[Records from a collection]
* * *
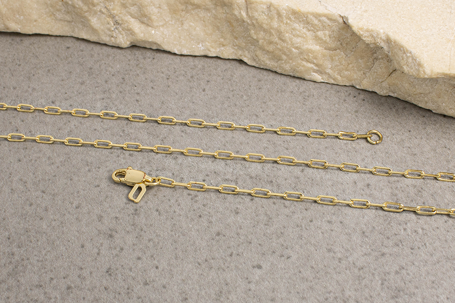 CORRENTE BANHADA EM OURO, ELO RABO DE RATO 1mm, 40cm COMPRIMENTO, EXTENSOR 5cm COMPRIMENTO E PESO 3g
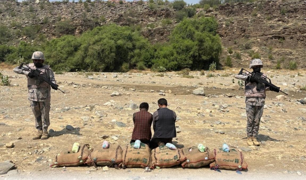 قبضت الدوريات البرية لحرس الحدود في قطاع العارضة بمنطقة جازان على مخالفين لنظام أمن الحدود من الجنسية اليمنية، لتهريبهما (140) كيلوغرامًا من نبات القات، وجرى استكمال الإجراءات النظامية الأولية بحقهما، وتسليمهما والمضبوطات لجهة الاختصاص.
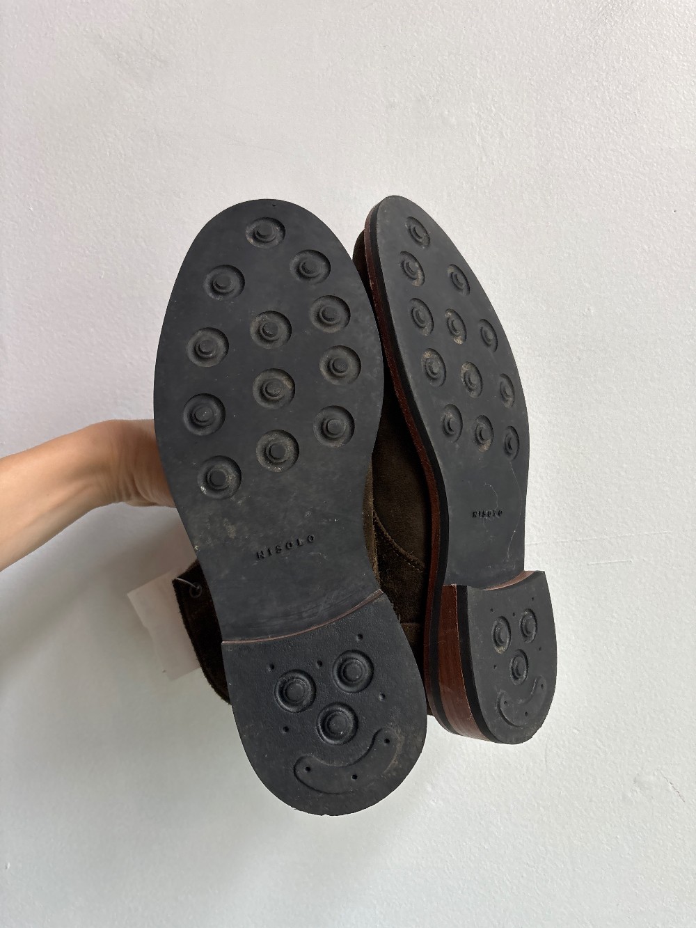 Size 7 womens. Valued at $350! The Go-To Lace Lug Boot features a classic lace-up silhouette with clean, structured lines, crafted from suede leather for versatile, durable wear. Designed for comfort and ease, it includes a cushioned insole, lightweight Extralight EVA outsole for traction, a round toe box, contrast welt stitching.
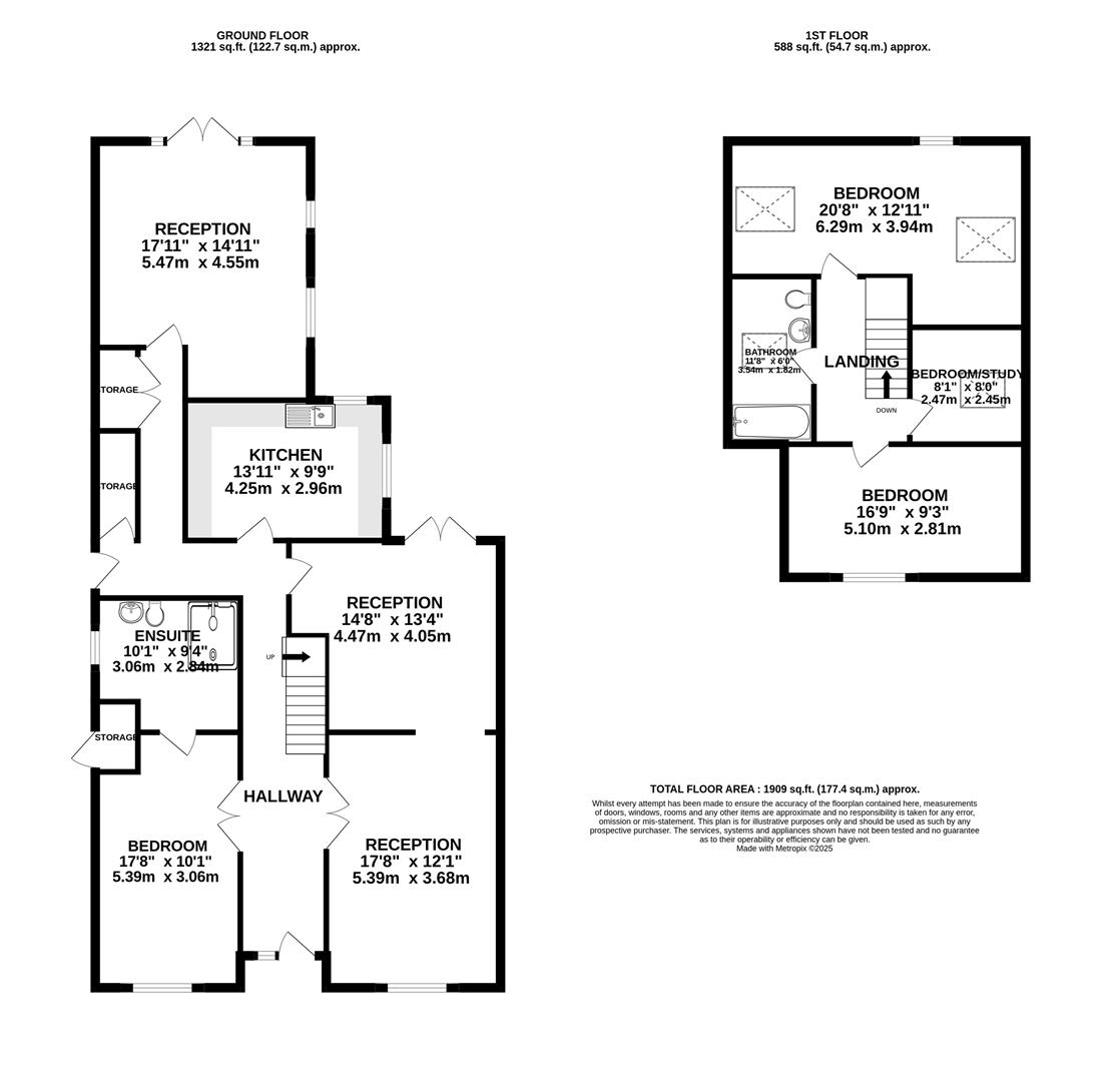 Ascending to the first floor you will find two double bedrooms, both of which are a good size; a three-piece bathroom with WC, basin and bath; and completing this level is another room that is currently used as a home office/study.
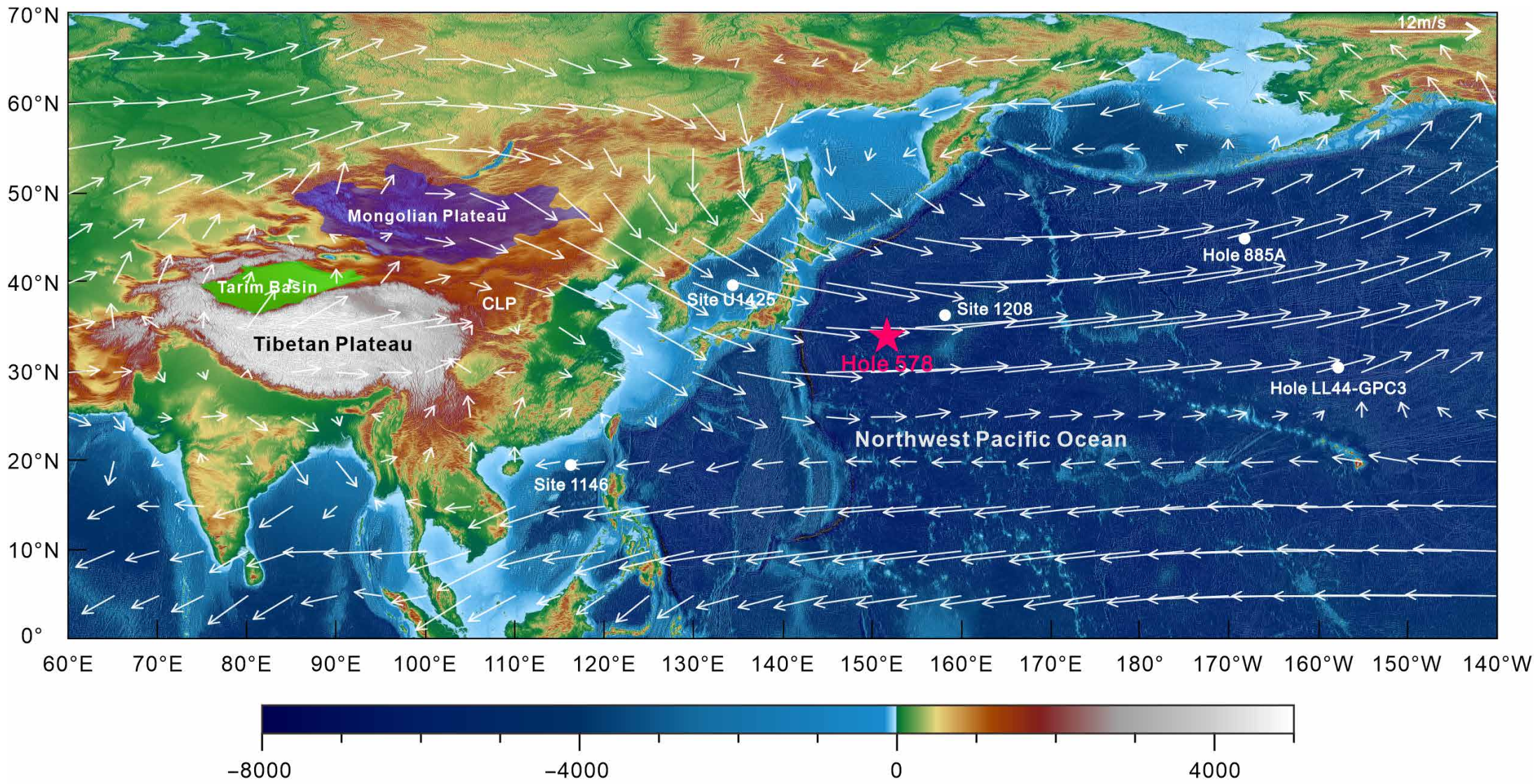 探索地质历史时期东亚冬季风的演化特征和驱动机制对于理解未来冬季风活动规律具有重要指导意义。目前对于地质历史时期东亚冬季风研究的时间尺度主要集中在第四纪以来。前人对于这一尺度东亚冬季风的演化特征和规律的研究程度较为成熟,但对于更长时间尺度的冬季风演化历史还存在较大的研究空间。晚中新世期间全球气候和构造格局发生了一系列显著变化,这为探索东亚冬季风演化与全球变化和构造运动的关系提供了重要的时间窗口。已有的晚中新世东亚冬季风重建记录主要集中在中国黄土高原和东亚大陆边缘海(例如:中国南海、日本海等)。为了进一步约束晚中新世东亚冬季风演化历史和驱动机制,800彩票古地磁与年代学实验室大洋岩石圈课题组张强副研究员联合国内外多家研究机构对西北太平洋DSDP 578岩心晚中新世沉积物开展了系统的环境磁学、沉积学和地球化学研究,基于多指标重建了晚中新世东亚冬季风演化历史,同时结合古气候模拟系统评估了全球气候变化和构造运动等因素对晚中新世东亚冬季风演化的调控作用。
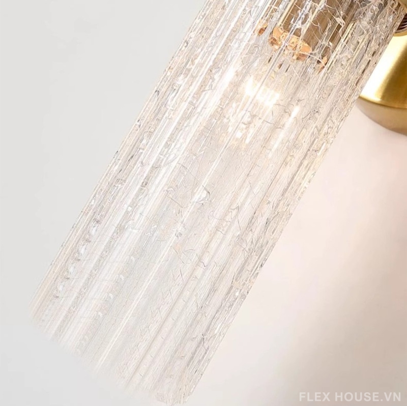Đèn tường RJ7354 gây ấn tượng ngay từ cái nhìn đầu tiên với thiết kế chao thủy tinh vân nứt độc đáo, gợi liên tưởng đến những khối băng trong suốt lấp lánh dưới ánh sáng. Khi đèn được bật lên, từng đường vân nứt phản chiếu và tán xạ ánh sáng một cách tinh tế, tạo nên hiệu ứng ánh sáng lung linh, mang lại chiều sâu và cảm xúc cho không gian.
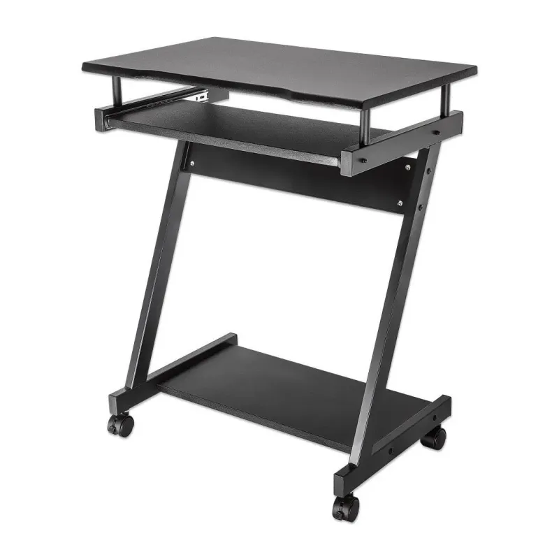 Parametry techniczne: Typ biurka: komputerowe, na kółkach Przeznaczenie: dom, biuro, pracowania Wymiary: Blat główny: 590 x 370 mm Półka na klawiaturę: 490 x 200 mm Dolna półka: 510 x 240 mm Wysokość całkowita: 730 mm Materiał wykonania: Blaty: laminowana płyta MDF Rama: stal Kolor: czarny Dopuszczalne obciążenie: 30 kg Bardzo szybki i prosty montaż
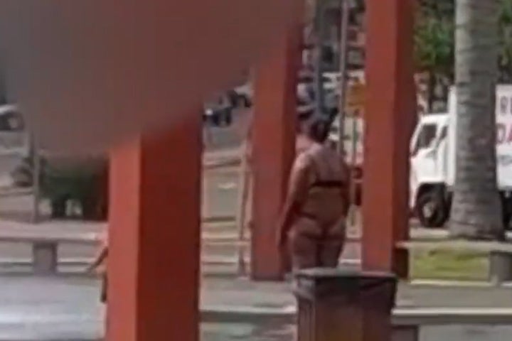 INUSITADO 27/01/2022 às 14:05 Mulher de roupas íntimas toma banho em chafariz no centro de Assis Chateaubriand
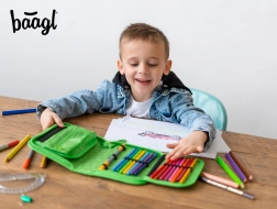 • Klassieke schoolpennenzak met één laag en twee kleppen.
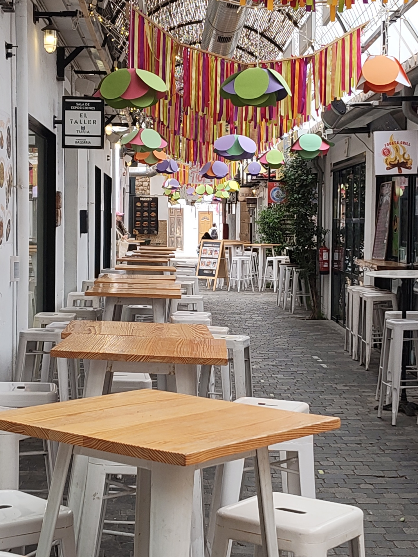 The image depicts a narrow pedestrian street in Dénia, Spain, lined with restaurants or cafes. The street is paved with gray bricks. Several rows of tables and white stools extend along the length of…read more
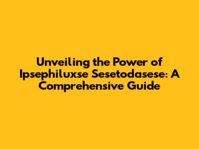 Unveiling The Power Of Ipsephiluxse Sesetodasese: A Comprehensive Guide
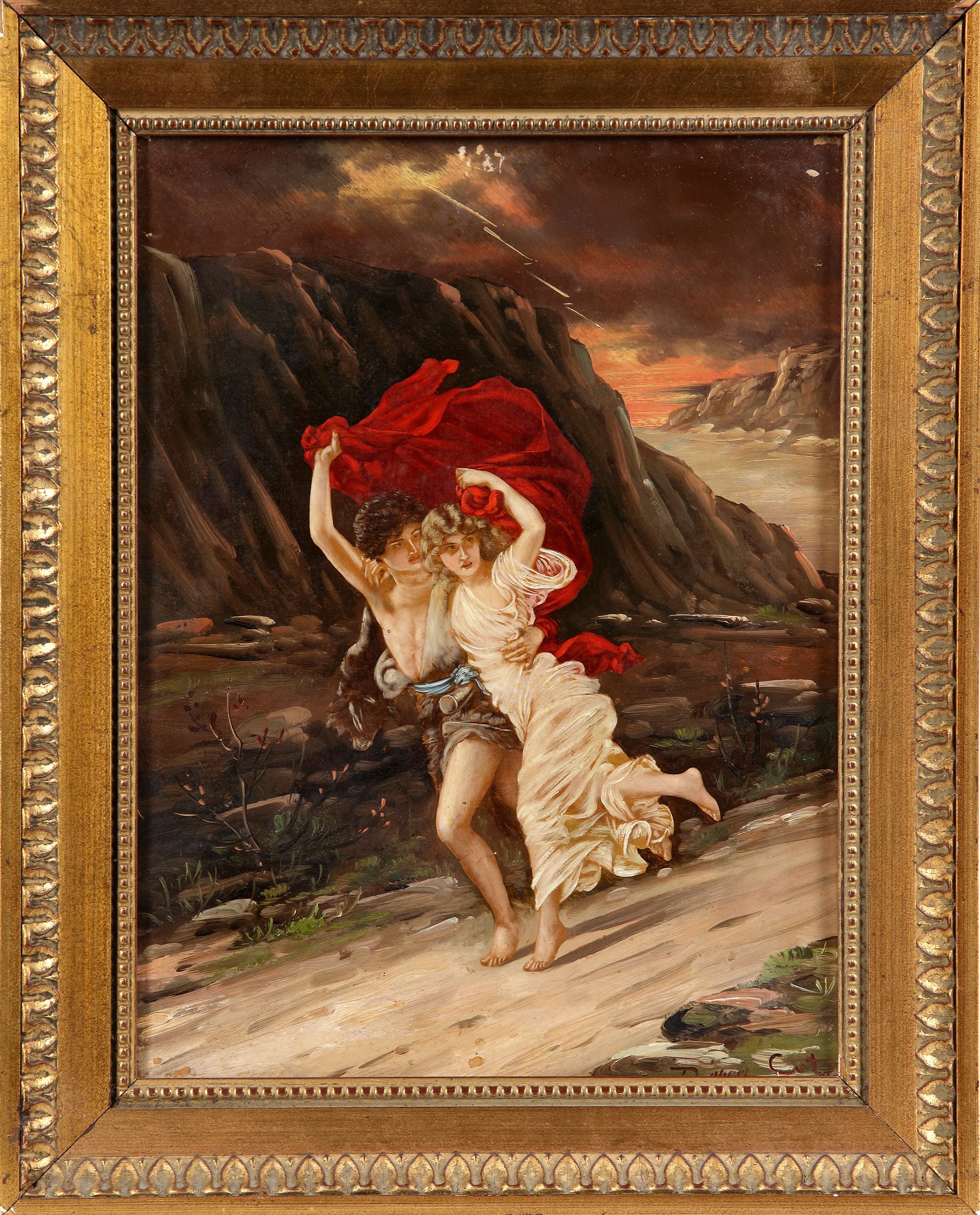 After Pierre Auguste Cot (1837-1883), both bearing a signature, 31 by 23 cm. (2) With frame: 40 by 32 cm.
* * *
What you will do ▸ Only the lines from the first line of the data above through the line with "قبضت الدوريات البرية" should appear in the answer, retyped exactly, with every picture left out.

Result of this exercise ▸
 CORRENTE BANHADA EM OURO, ELO RABO DE RATO 1mm, 40cm COMPRIMENTO, EXTENSOR 5cm COMPRIMENTO E PESO 3g
 قبضت الدوريات البرية لحرس الحدود في قطاع العارضة بمنطقة جازان على مخالفين لنظام أمن الحدود من الجنسية اليمنية، لتهريبهما (140) كيلوغرامًا من نبات القات، وجرى استكمال الإجراءات النظامية الأولية بحقهما، وتسليمهما والمضبوطات لجهة الاختصاص.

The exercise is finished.